**TASK ITEM**
Although the listing contains pictures, reproduce only its text, exactly as written.

**THE INPUT**
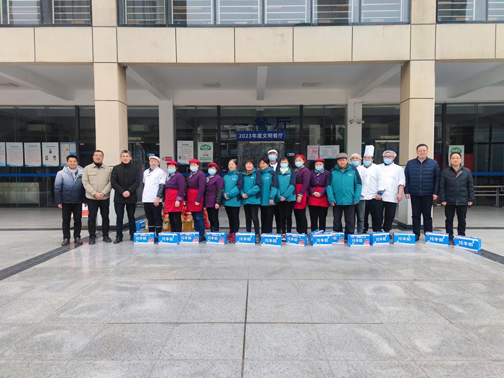 1月29日下午,学校领导张勇、王卫标、姜伟、吴敏启带队,后勤处、保卫处等相关部门负责人及工作人员组成安全检查组,开展春节前校园安全大检查,并深入一线慰问坚守工作岗位的安保及后勤保障人员。
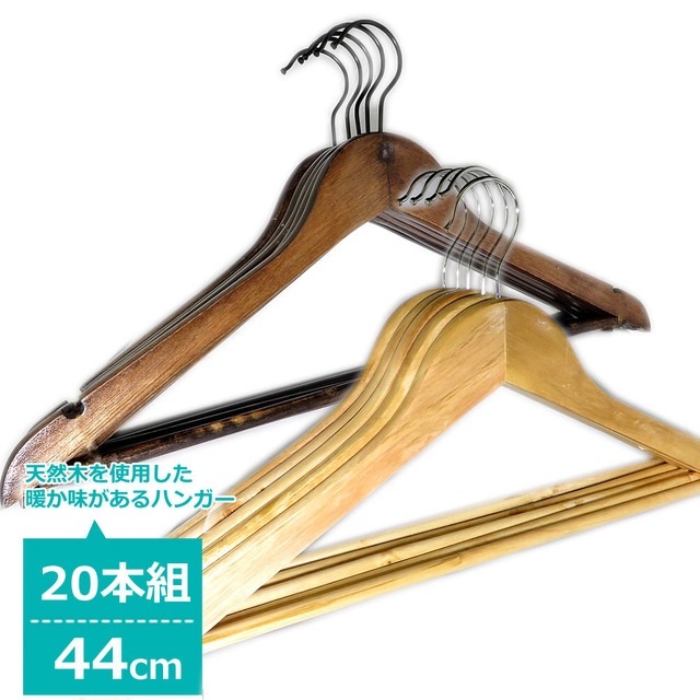 【ポイント】 天然の木を使用したお洒落で愛着のわく木製ハンガーです。 44cmとコートやジャケットなどに最適なサイズで仕上げておりますので、男性女性問わずお使いいただけます。 バー付なので、スーツ上下を掛けていただく事も可能です。 今回は2種類をご用意!暖かみのあるナチュラルと渋さを醸し出すアンティークの2カラーとなっております。 お気に入りの洋服をお洒落なハンガーで収納すると気分も上がりますよ♪ ※製造時期によりフック部分の色が「ブラック」または「シルバー」になる場合がございます。 【セット内容】 天然木製ハンガー バー付 20本セット 【カラー】 ナチュラル・アンティーク 【サイズ】 ワンサイズ:幅44cm/高さ約22.5cm/厚さ1.0cm 【素材】 天然木
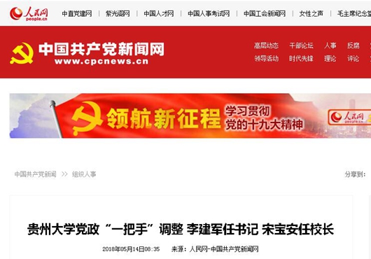 据ac米兰官网中文网站网站消息,近日,ac米兰官网中文网站召开干部大会,宣布贵州省委关于ac米兰官网中文网站党委书记、校长、党委副书记的任免决定。李建军任ac米兰官网中文网站党委委员、常委、书记;宋宝安任ac米兰官网中文网站党委副书记、校长;陈坚不再担任ac米兰官网中文网站党委书记、校长、常委委员职务。
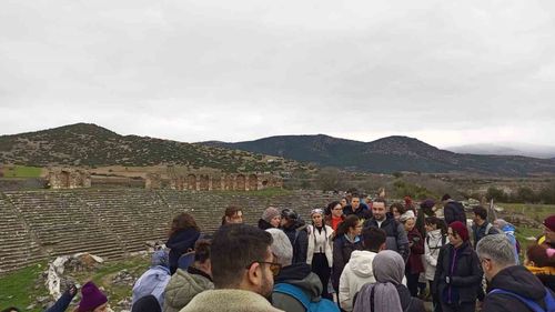 Aydın Büyükşehir Belediyesi'nin Afrodisias etkinliğinde vatandaşlar trekking yaparak UNESCO mirasını keşfetti, rehber anlatımıyla tarihle iç içe bir gün geçirdi.
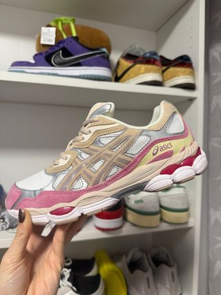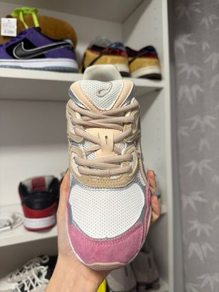 Zapatillas Asics NYC blancas con detalles rosas. Talla 40, muy poco uso. Sin la caja original, con la etiqueta suelta y factura de la compra.
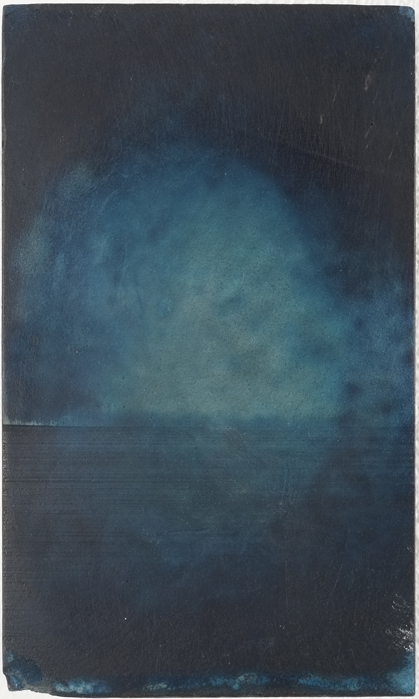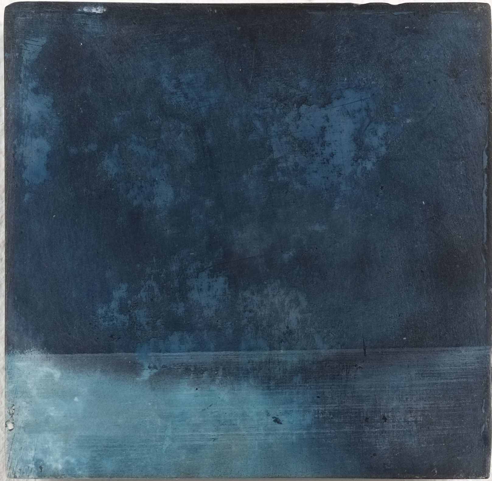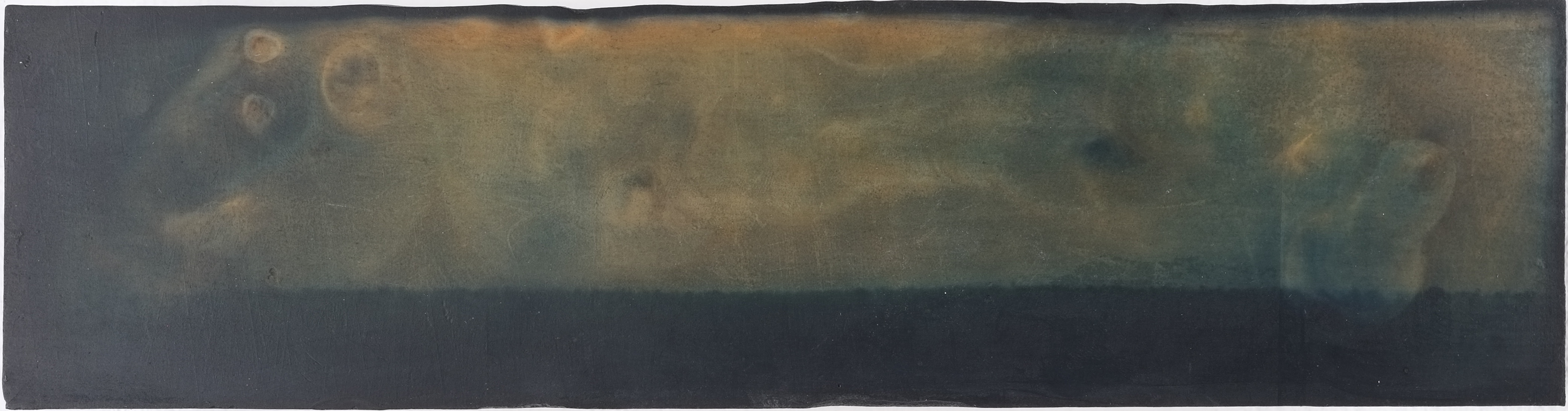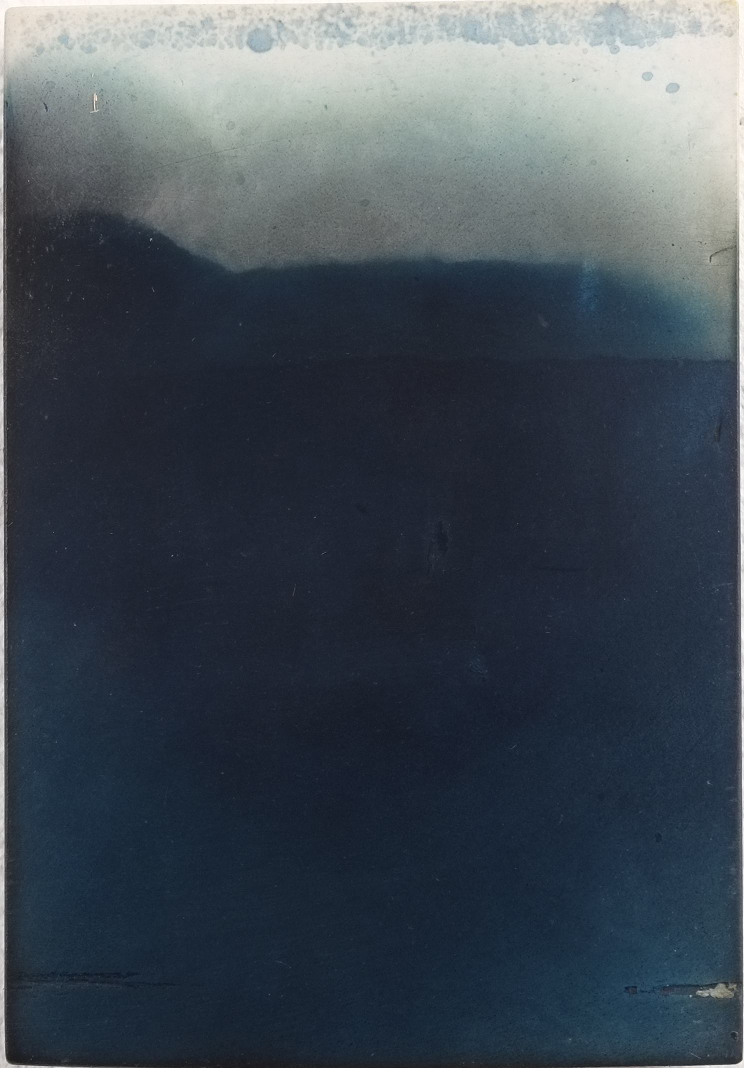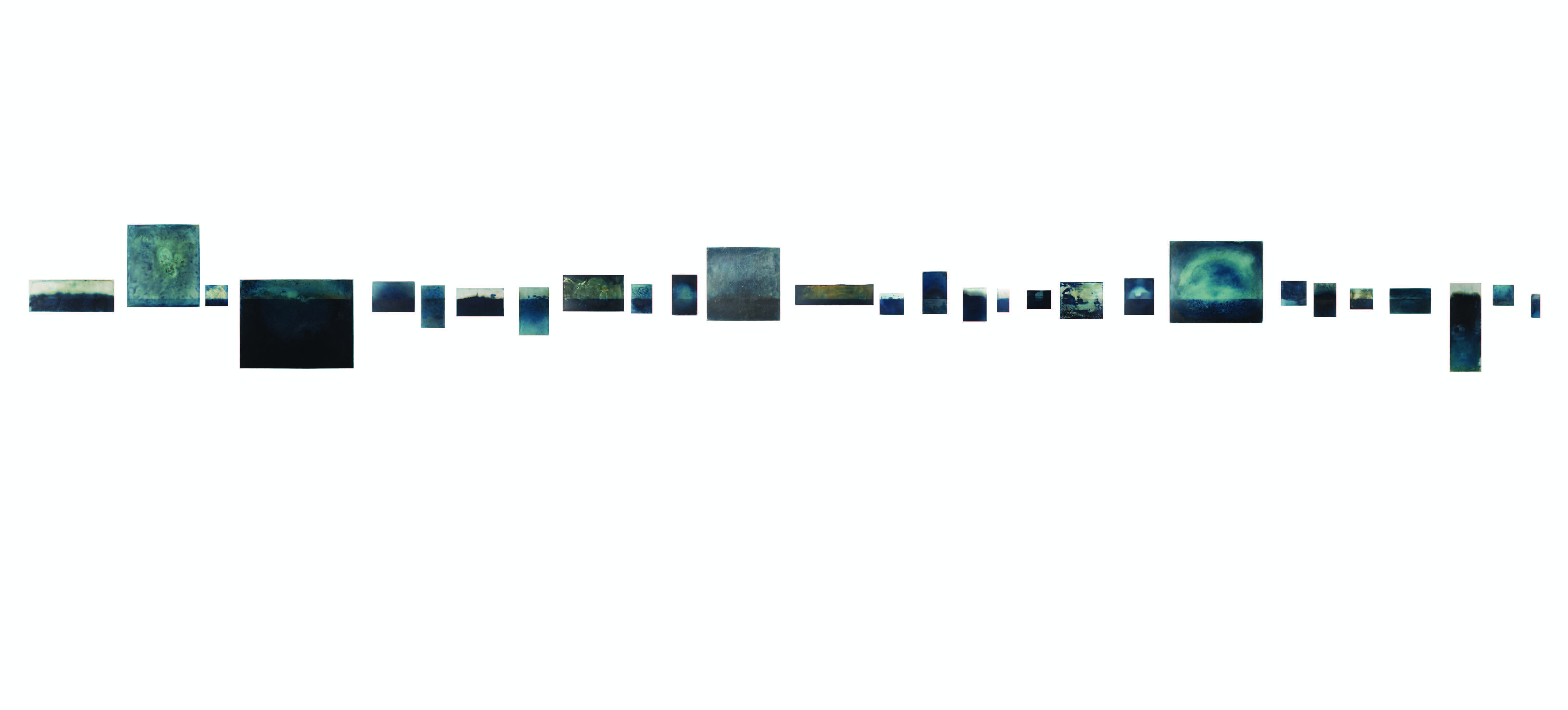 Les cyanotypes (traces de lumières sur un support de plâtre) sont accrochés sur une ligne d’horizon. Ils peuvent être renversés – individuellement ou dans leur ensemble – de 180 degrés pour questionner le rapport à cette ligne de perception. Un renversement déstabilisant de valeurs, de réalités, de positionnement face au monde environnant.

**TASK SOLUTION**
 1月29日下午,学校领导张勇、王卫标、姜伟、吴敏启带队,后勤处、保卫处等相关部门负责人及工作人员组成安全检查组,开展春节前校园安全大检查,并深入一线慰问坚守工作岗位的安保及后勤保障人员。
 【ポイント】 天然の木を使用したお洒落で愛着のわく木製ハンガーです。 44cmとコートやジャケットなどに最適なサイズで仕上げておりますので、男性女性問わずお使いいただけます。 バー付なので、スーツ上下を掛けていただく事も可能です。 今回は2種類をご用意!暖かみのあるナチュラルと渋さを醸し出すアンティークの2カラーとなっております。 お気に入りの洋服をお洒落なハンガーで収納すると気分も上がりますよ♪ ※製造時期によりフック部分の色が「ブラック」または「シルバー」になる場合がございます。 【セット内容】 天然木製ハンガー バー付 20本セット 【カラー】 ナチュラル・アンティーク 【サイズ】 ワンサイズ:幅44cm/高さ約22.5cm/厚さ1.0cm 【素材】 天然木
 据ac米兰官网中文网站网站消息,近日,ac米兰官网中文网站召开干部大会,宣布贵州省委关于ac米兰官网中文网站党委书记、校长、党委副书记的任免决定。李建军任ac米兰官网中文网站党委委员、常委、书记;宋宝安任ac米兰官网中文网站党委副书记、校长;陈坚不再担任ac米兰官网中文网站党委书记、校长、常委委员职务。
 Aydın Büyükşehir Belediyesi'nin Afrodisias etkinliğinde vatandaşlar trekking yaparak UNESCO mirasını keşfetti, rehber anlatımıyla tarihle iç içe bir gün geçirdi.
 Zapatillas Asics NYC blancas con detalles rosas. Talla 40, muy poco uso. Sin la caja original, con la etiqueta suelta y factura de la compra.
 Les cyanotypes (traces de lumières sur un support de plâtre) sont accrochés sur une ligne d’horizon. Ils peuvent être renversés – individuellement ou dans leur ensemble – de 180 degrés pour questionner le rapport à cette ligne de perception. Un renversement déstabilisant de valeurs, de réalités, de positionnement face au monde environnant.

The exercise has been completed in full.